3DMark Port Royal: We couldn’t get a clean test for the ray tracing capabilities of the X’s RTX 3050, so we cover that in some of the gaming benches below.
3DMark Night Raid: Night Raid gave us 33,714 – in line with the average gaming laptops and beating integrated graphics as well as Quadro cards, but falling short of more powerful RTX cards in dedicated gaming notebooks like the Legion 5 Pro
Procyon Photo/Video Editing: The test for Adobe Photoshop and Lightroom gave us a 6,747, and we got a 4,174 for testing Adobe Premiere Pro. This isn’t as high as the values we got running Lenovo’s Legions, but it still got the job done.
Procyon Office Productivity: UL’s newest benchmark for office productivity gave us a 5,505 – meaning it performed as well as the newest X1 Carbon.
Shadow of the Tomb Raider: We’re still looking at 60 fps+ in FHD at the highest settings, but ray tracing at ultra does slam the system a bit. Even still, FHD with ultra ray tracing breaks 30 fps. Remember there are degrees between no ray tracing and ultra. As a note these tests were all run with NVIDIA DLSS in performance mode.
- FHD / highest: 63 fps
- FHD / ray tracing ultra: 34 fps
- 2560×1600 / highest: 48 fps
- 2560 / ray tracing ultra: 26 fps
- 3072×1920 / highest: 39 fps
- 3072×1920 / ray tracing ultra: 24 fps
- FHD / standard graphics: 6,052 – high
- 2560 x 1440 / standard graphics: 4,072 – standard
- 4K / standard graphics: 2,095 – low
Just for fun we tried a couple of games from our XBOX Game Pass library, but namely Forza: Horizon 5 as the toughest graphical test that was available – and also one that dynamically can pick the optimal settings for your rig. Forza was able to hit 63 fps at 1920×1200 @ 60Hz with all settings on high and ray tracing settings on medium. Not too bad for a productivity machine.
Real-world Battery Test
As always, we clicked the laptop into balanced thermal/battery mode and turned the screen brightness down to 60% and went to work to see a real measure of battery time. We started with 2 hours of Netflix’s new adaptation of Sandman to kick it off. After that we made the Slim 7 Pro X our work machine for the day, dealing primarily in Microsoft 365 for email, drawing up project plans and of course, logging those hours in Excel so we can get those ducats. Next up was remote sessions into some client systems to do some work without having to leave the comfort of my home office, and finally a bit of image editing in Photoshop, which ran pretty flawlessly.
We ended up getting just north of 10 hours of battery life. That’s a whole day and pretty good for a notebook with an NVIDIA RTX card inside, and I’m guessing it’s a bit of that AMD magic that gives us that bit of extra stretch.
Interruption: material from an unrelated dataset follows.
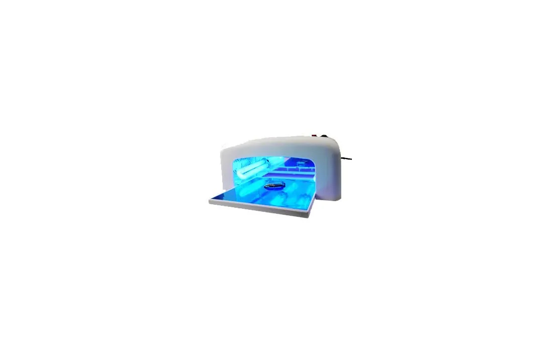 Lampada uv ultravioletti per incollare i vetri 4 neon da 9w timer 120 sec piano d'appoggio estraibile dimensioni 100x220x240 peso 1.7 kg

And with rapid charging you can refill the tank pretty quickly to get back in business. We imagine you’ll get more or less that time if you’re also adjusting your refresh rate options instead of running it at 120Hz all the time.
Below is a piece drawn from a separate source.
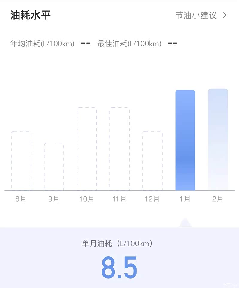 油耗的表现跟日常驾驶的路段有关系,市区内道路驾驶车速提不高,油耗会偏高一些,达到在9~10个左右也算正常,出游自驾上了高速,速度保持在100~120码时,油耗基本上在7~8个左右这个样子,目前综合油耗保持在了8.5~8.6L可接受范围
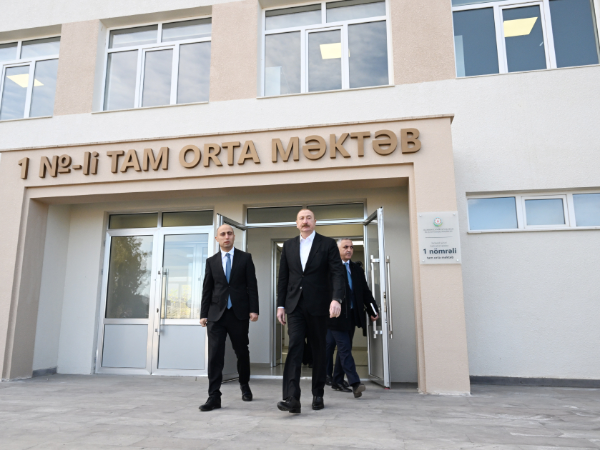 Prezident İlham Əliyev və birinci xanım Mehriban Əliyeva Neftçala rayonunda yeni inşa olunan məktəbin açılışında iştirak ediblər

Most notebooks try to do a thing well – there are ultra thin and light notebooks that exist for the sole purpose of productivity on the move without any graphical chops, while gaming laptops can be heavy and clunky with a big battery tradeoff. The Slim 7 Pro X tries to do both as a jack of 2 trades, and for the most part gets it done without ridiculous levels of compromise. You’re not going to be able to go without charge for days but 10 hours with a dedicated GPU ain’t bad. You’re not going to be playing the latest games with all the everything turned all of the way up, but you’ll still be able to play them. That’s kind of the sweet spot content creators sit in, and this will give them as well as other power users the best of both worlds that they need, especially under $2k.
If Lenovo is really looking to make this the one true compromise machine for all users, they could let us flip the screen over into tablet mode with pen input – perhaps we’ll see a Yoga to fit that particular bill?